__Assignment__: Beginning with the line of the entries below that holds "3年生の音楽では、「気球に乗ってどこまでも」を学習していました。" and ending with the line that holds "Gicßcii, Moutllg, Den 12. Oktober 1914", transcribe each line exactly as written. Pictures stay out.

Start of Exercise data

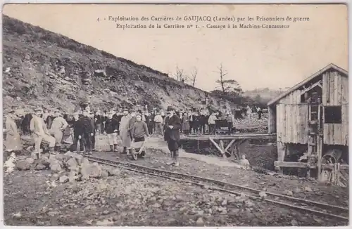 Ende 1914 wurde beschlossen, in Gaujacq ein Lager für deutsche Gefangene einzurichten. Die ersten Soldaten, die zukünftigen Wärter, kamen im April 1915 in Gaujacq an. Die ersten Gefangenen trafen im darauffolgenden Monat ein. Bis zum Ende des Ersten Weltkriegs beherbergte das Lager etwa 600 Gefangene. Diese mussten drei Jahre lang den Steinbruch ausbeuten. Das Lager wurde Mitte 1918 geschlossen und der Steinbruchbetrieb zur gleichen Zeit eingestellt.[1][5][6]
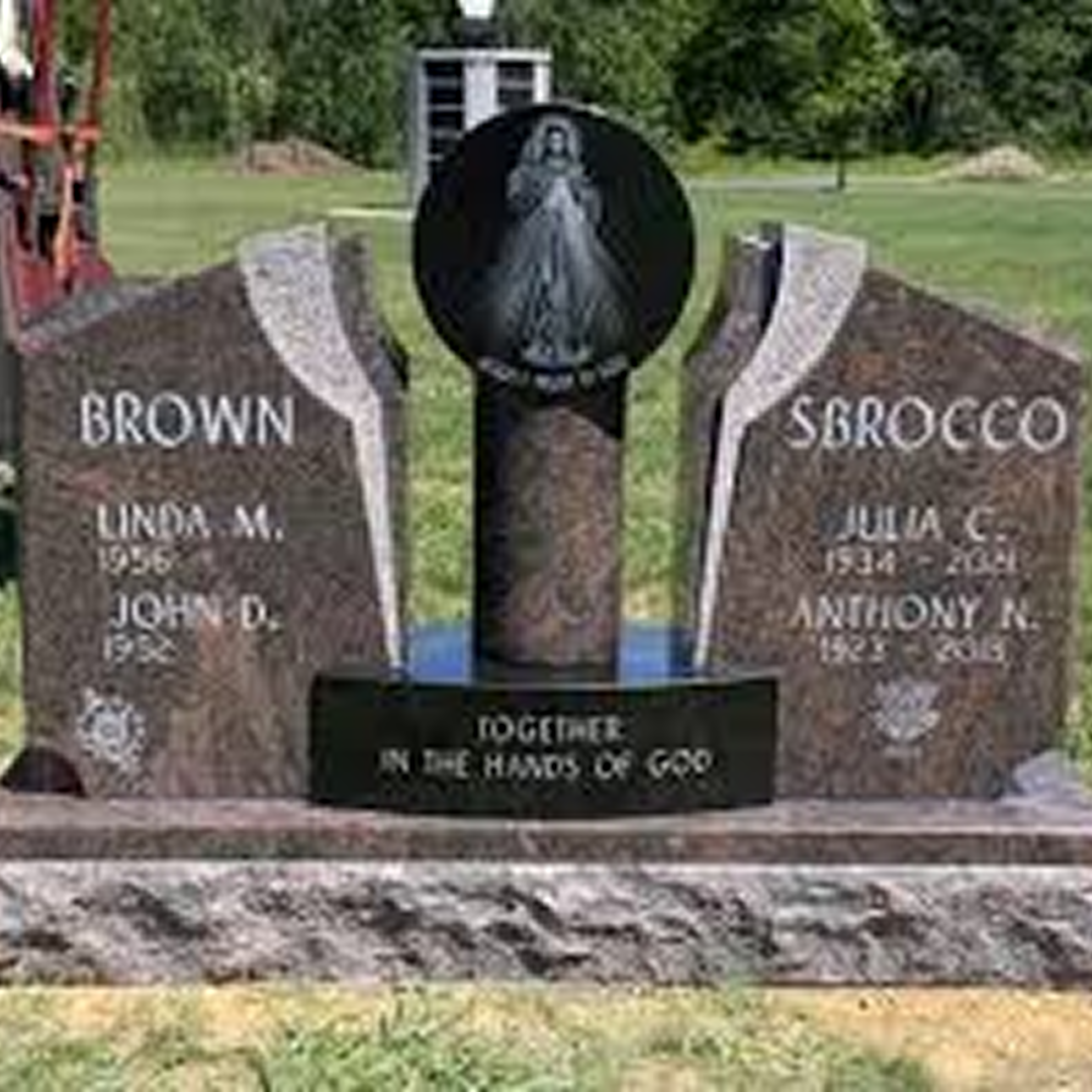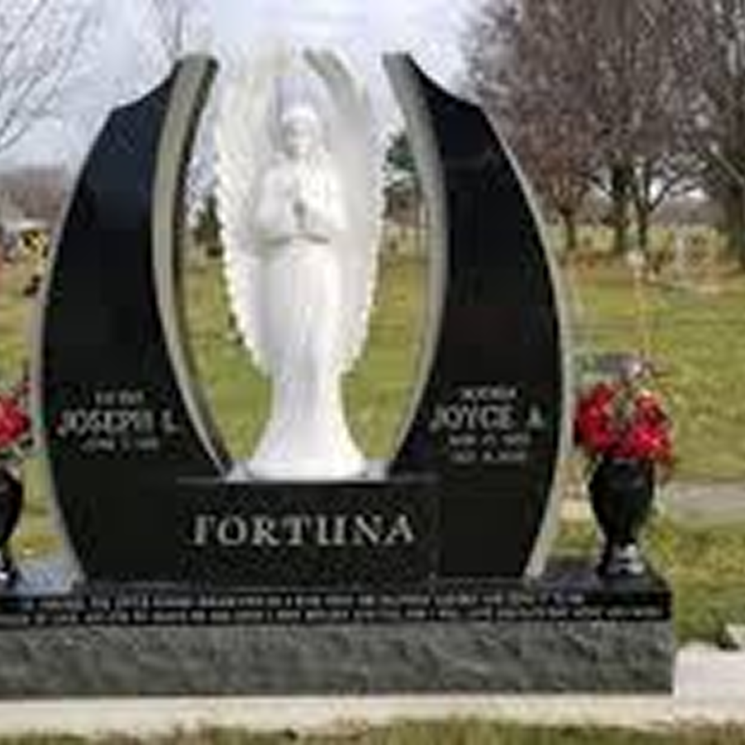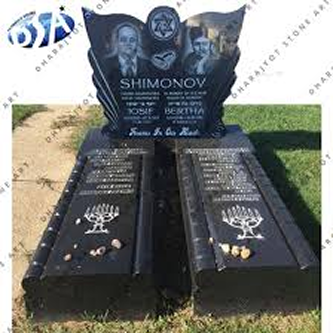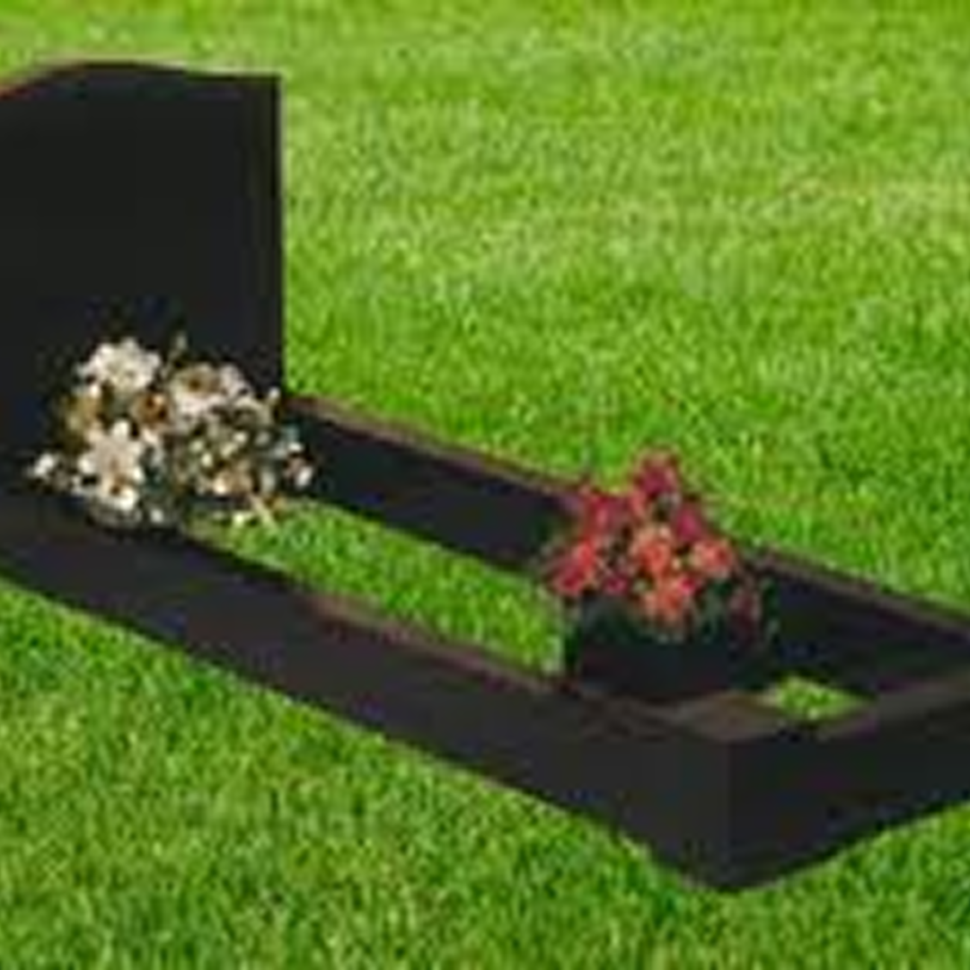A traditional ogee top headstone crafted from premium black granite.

End of Exercise data
Start of Exercise data

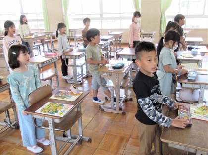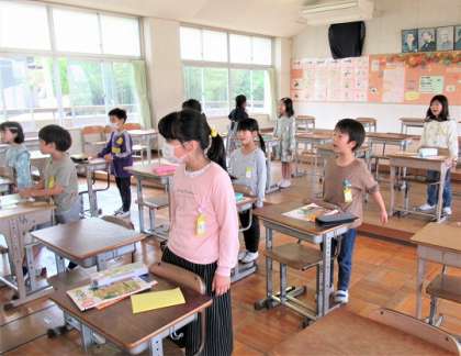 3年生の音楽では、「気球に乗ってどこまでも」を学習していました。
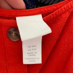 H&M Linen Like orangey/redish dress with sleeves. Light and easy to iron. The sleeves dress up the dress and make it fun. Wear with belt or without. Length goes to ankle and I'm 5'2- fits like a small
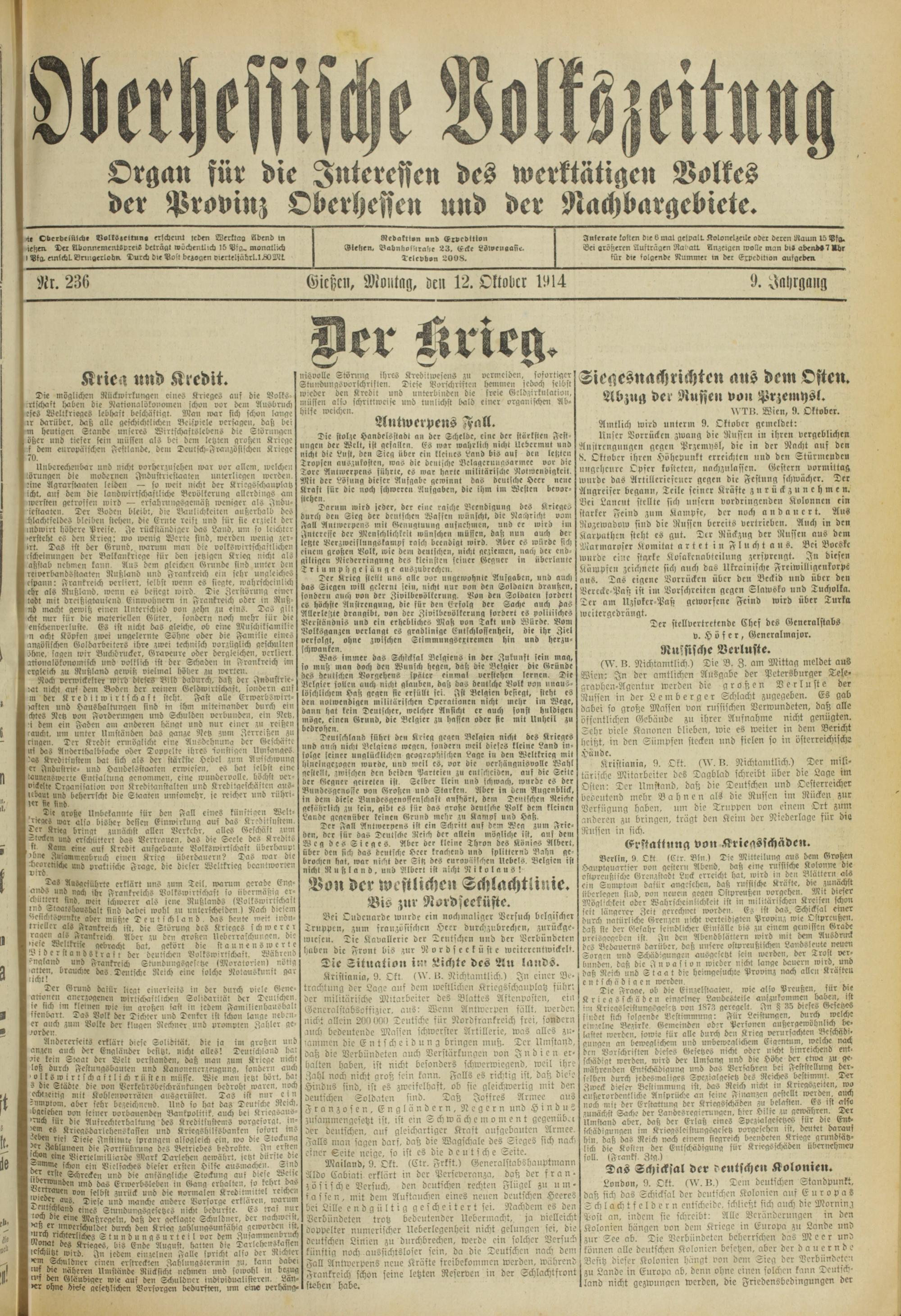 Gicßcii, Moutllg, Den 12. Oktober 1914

End of Exercise data

__Solution to this exercise__:
 3年生の音楽では、「気球に乗ってどこまでも」を学習していました。
 H&M Linen Like orangey/redish dress with sleeves. Light and easy to iron. The sleeves dress up the dress and make it fun. Wear with belt or without. Length goes to ankle and I'm 5'2- fits like a small
 Gicßcii, Moutllg, Den 12. Oktober 1914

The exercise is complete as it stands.